--- Collected material Enclosed Below ---

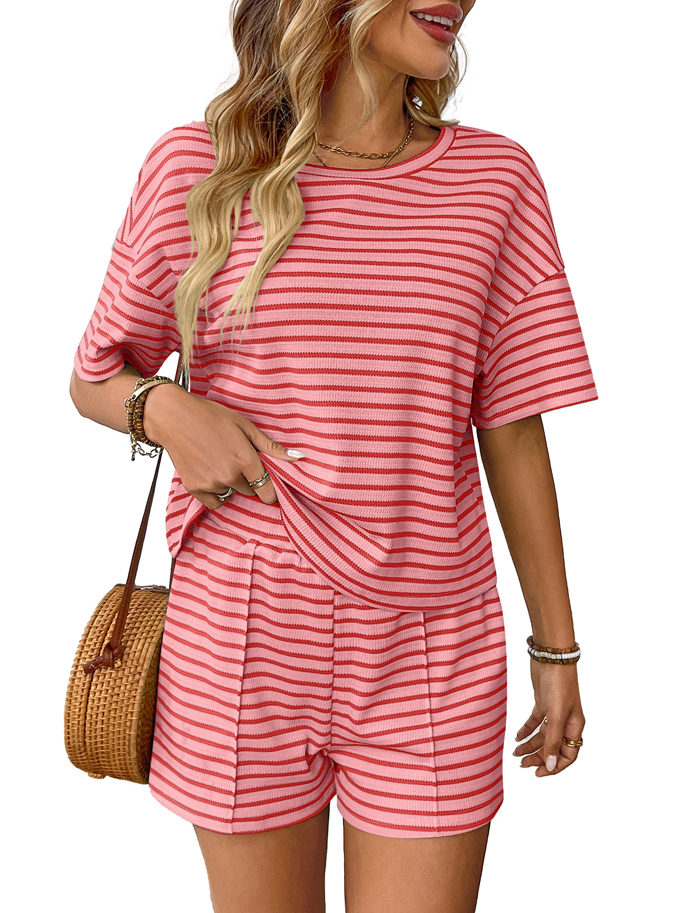 국경을 넘는 유럽과 미국 여성의 2025 년 여름 새로운 아마존 니트 스트라이프 패션 캐주얼 반바지 스포츠 세트 여성
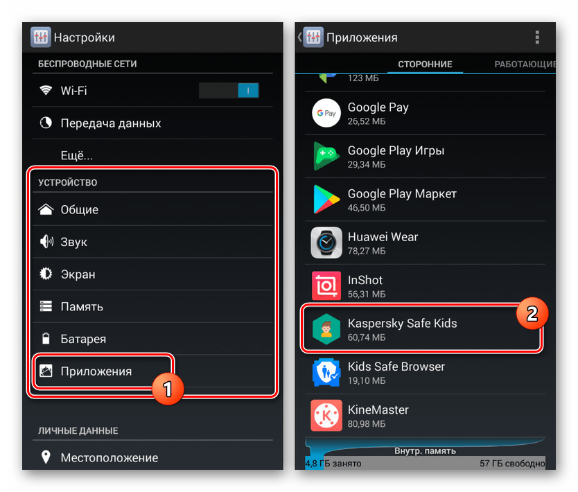 Снова перейдите в «Настройки», в блоке «Устройство» нажмите по строке «Приложения» и в представленном списке найдите «Kaspersky Safe Kids».
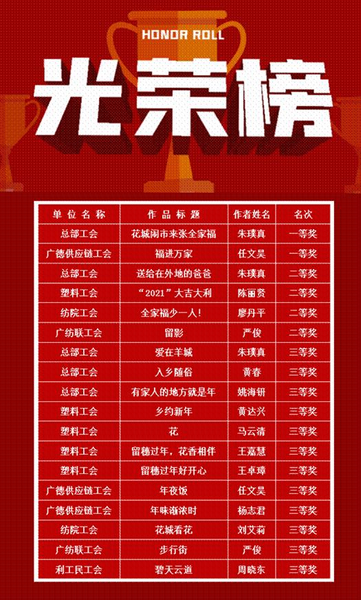 近日,广州轻工集团公布了2021年春节期间举办的“花城有爱 留穗过年”主题新春随手拍摄影比赛获奖名单。爱体育官方端网站登录入口收获满满,来自14名职工的18个作品榜上有名,其中一等奖2个、二等奖4个、三等奖12个。
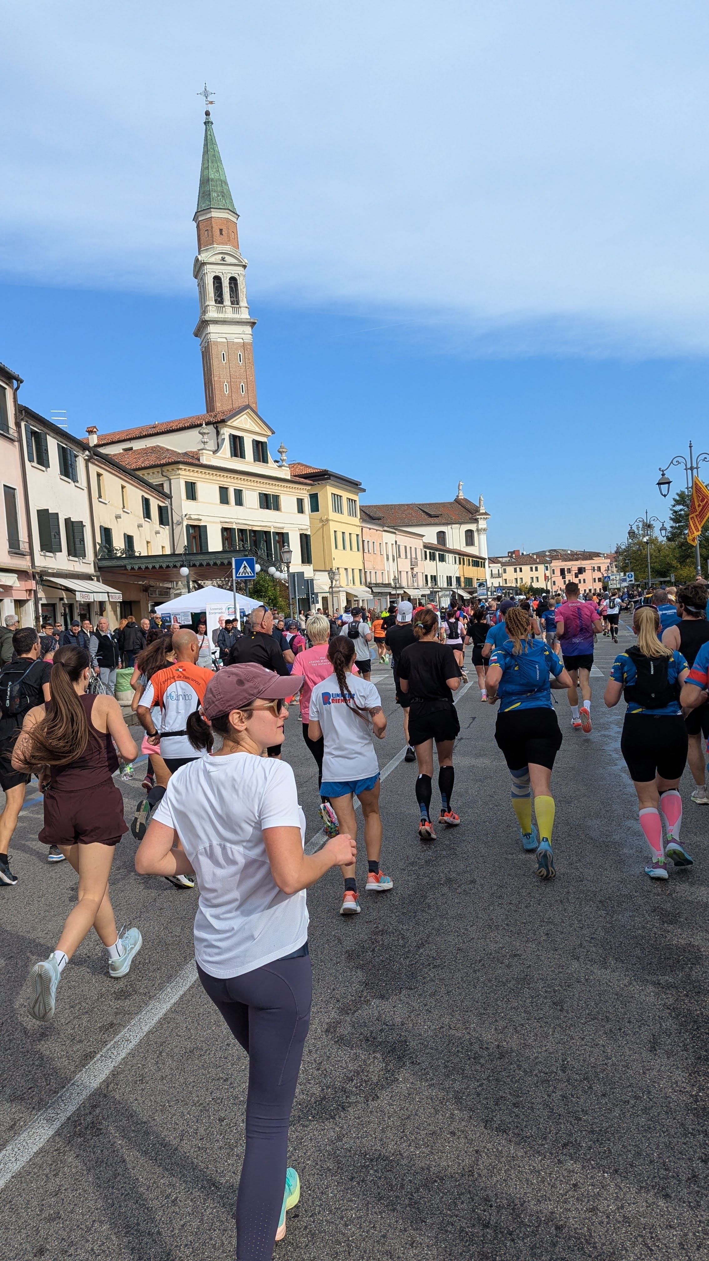 Km 5, Dolo. Tout va bien. Premier ravito, un peu d’eau, on déroule, malgré la densité de coureurs, qui fusent chaotiquement de partout. Je suis ravie de mes chaussures ultra-légères, je ne les sens même pas !

--- End of Enclosed Collected material ---

#### [Task instructions]
Your copy should hold only the lines from the line with "近日,广州轻工集团公布了20" through the end of the data above, both ends included, transcribed exactly and without pictures.

#### [Output for this task]
 近日,广州轻工集团公布了2021年春节期间举办的“花城有爱 留穗过年”主题新春随手拍摄影比赛获奖名单。爱体育官方端网站登录入口收获满满,来自14名职工的18个作品榜上有名,其中一等奖2个、二等奖4个、三等奖12个。
 Km 5, Dolo. Tout va bien. Premier ravito, un peu d’eau, on déroule, malgré la densité de coureurs, qui fusent chaotiquement de partout. Je suis ravie de mes chaussures ultra-légères, je ne les sens même pas !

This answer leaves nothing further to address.